→ **Your instructions**
Below are records with pictures; copy word for word only the lines between the line with "Modular Bondi Latte" and the line with "74005954 alte Postkarte", inclusive, and drop the pictures.
━━━ Data extract ━━━
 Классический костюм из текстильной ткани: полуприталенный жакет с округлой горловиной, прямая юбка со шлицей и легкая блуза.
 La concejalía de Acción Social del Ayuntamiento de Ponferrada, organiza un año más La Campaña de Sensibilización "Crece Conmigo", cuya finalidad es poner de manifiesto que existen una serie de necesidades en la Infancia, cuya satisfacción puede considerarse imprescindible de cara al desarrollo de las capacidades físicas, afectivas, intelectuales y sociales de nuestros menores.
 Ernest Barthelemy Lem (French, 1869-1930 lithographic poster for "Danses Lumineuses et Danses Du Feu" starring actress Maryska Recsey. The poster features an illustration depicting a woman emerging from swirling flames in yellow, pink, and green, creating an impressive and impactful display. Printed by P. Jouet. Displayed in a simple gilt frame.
━━━
━━━ Data extract ━━━
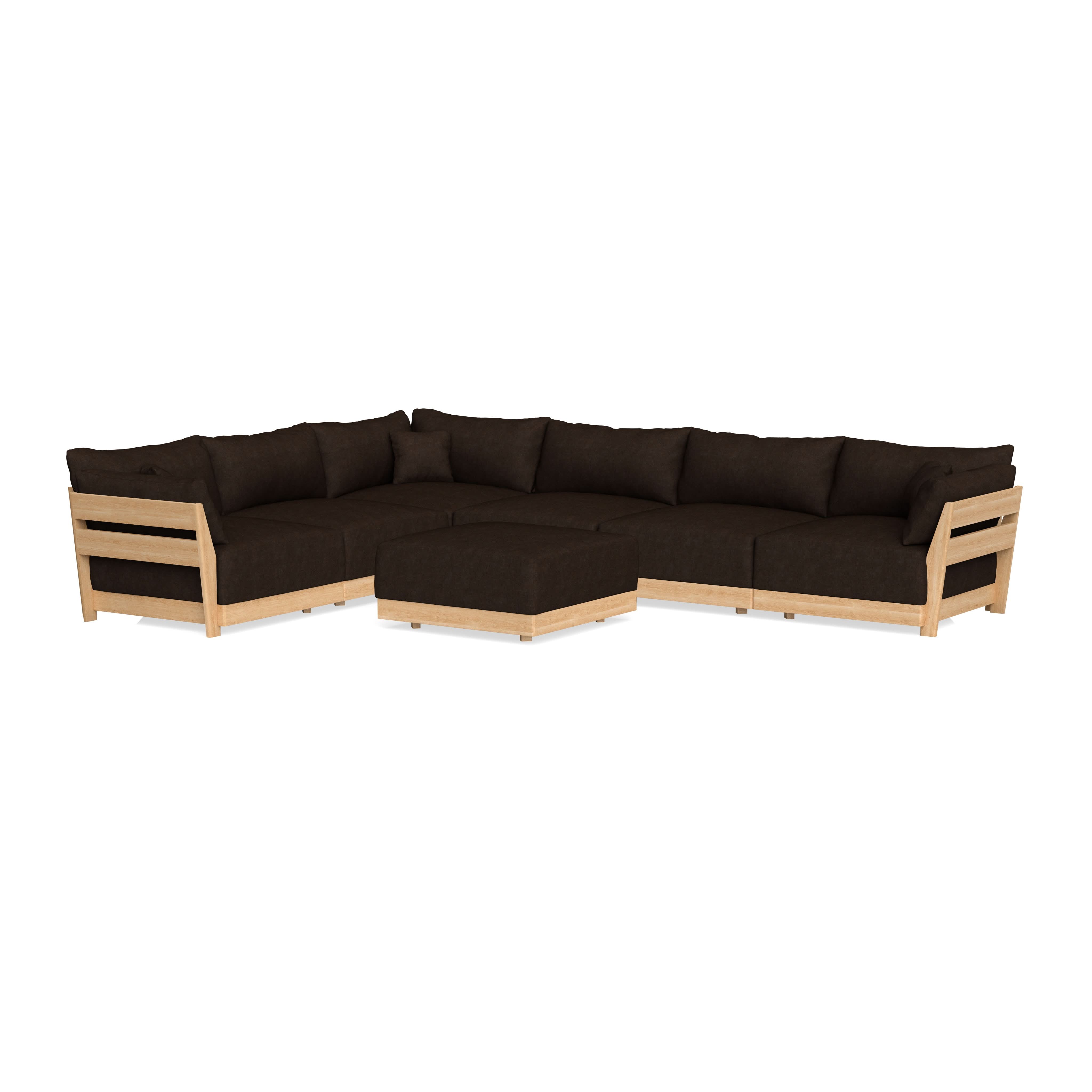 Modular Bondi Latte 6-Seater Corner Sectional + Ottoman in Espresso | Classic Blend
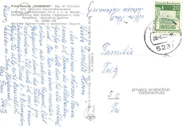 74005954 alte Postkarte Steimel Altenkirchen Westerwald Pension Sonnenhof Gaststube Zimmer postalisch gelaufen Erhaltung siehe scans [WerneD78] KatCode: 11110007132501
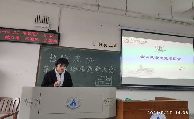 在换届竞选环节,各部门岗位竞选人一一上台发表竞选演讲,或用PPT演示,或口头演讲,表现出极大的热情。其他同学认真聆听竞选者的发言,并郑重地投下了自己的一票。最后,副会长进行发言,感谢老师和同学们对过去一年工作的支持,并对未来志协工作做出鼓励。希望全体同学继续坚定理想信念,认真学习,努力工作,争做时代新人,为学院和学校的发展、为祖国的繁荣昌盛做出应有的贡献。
━━━
━━━ Data extract ━━━
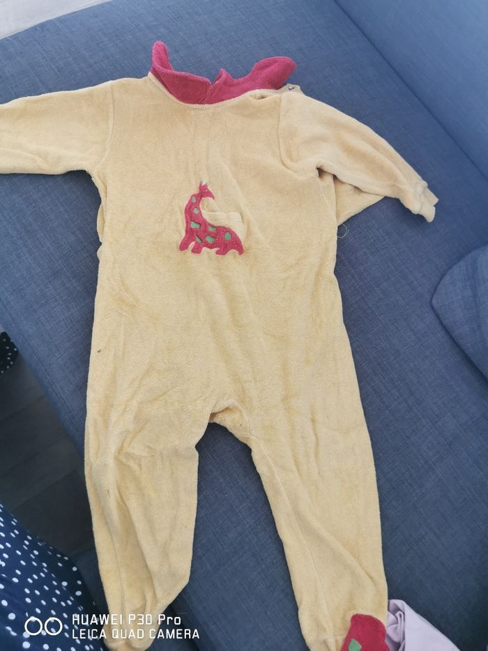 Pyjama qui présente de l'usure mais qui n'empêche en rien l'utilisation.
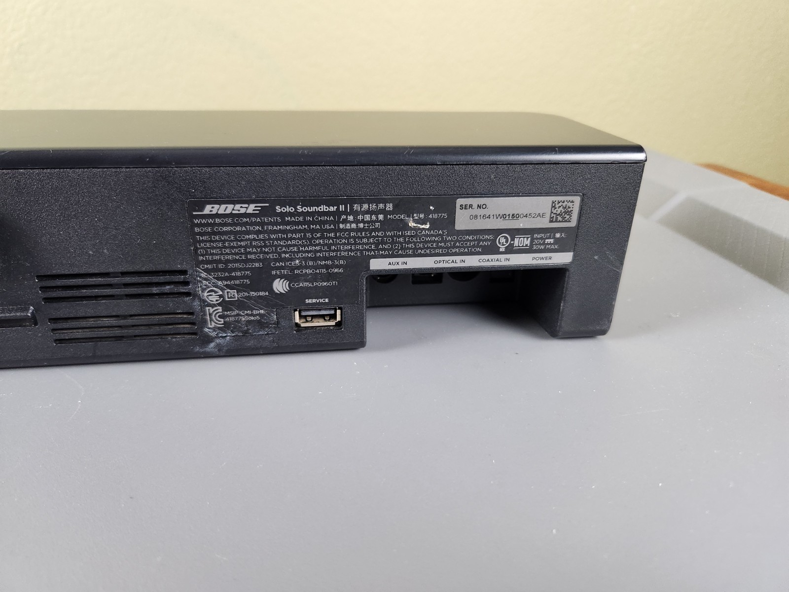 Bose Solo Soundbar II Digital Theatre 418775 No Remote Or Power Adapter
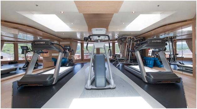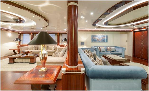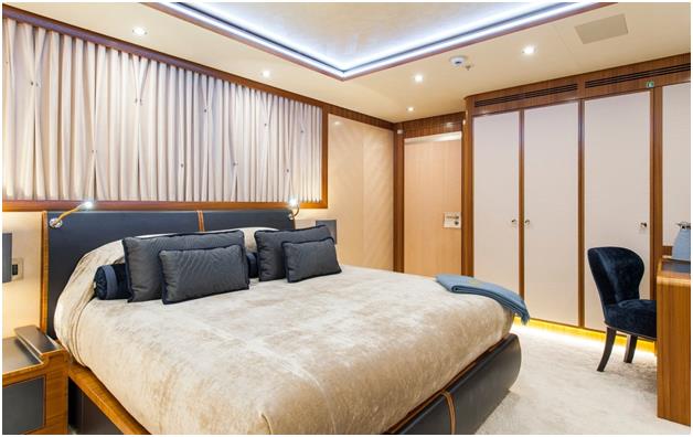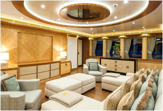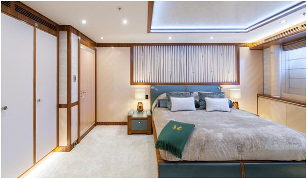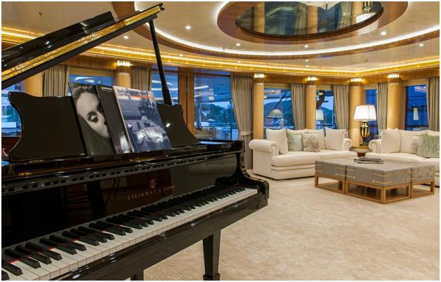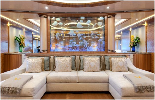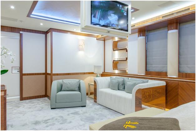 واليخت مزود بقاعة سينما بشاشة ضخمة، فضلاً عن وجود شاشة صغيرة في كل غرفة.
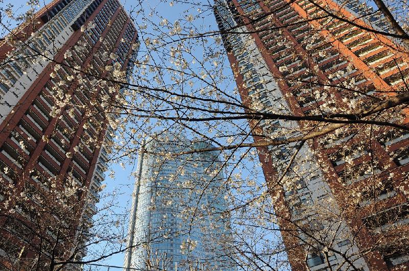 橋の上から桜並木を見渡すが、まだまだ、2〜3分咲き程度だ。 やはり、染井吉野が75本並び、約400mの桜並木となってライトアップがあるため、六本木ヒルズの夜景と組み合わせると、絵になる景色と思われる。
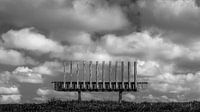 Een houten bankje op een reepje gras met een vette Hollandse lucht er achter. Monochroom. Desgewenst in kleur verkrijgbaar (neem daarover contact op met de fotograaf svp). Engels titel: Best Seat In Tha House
━━━
→ **Response**
 Modular Bondi Latte 6-Seater Corner Sectional + Ottoman in Espresso | Classic Blend
 74005954 alte Postkarte Steimel Altenkirchen Westerwald Pension Sonnenhof Gaststube Zimmer postalisch gelaufen Erhaltung siehe scans [WerneD78] KatCode: 11110007132501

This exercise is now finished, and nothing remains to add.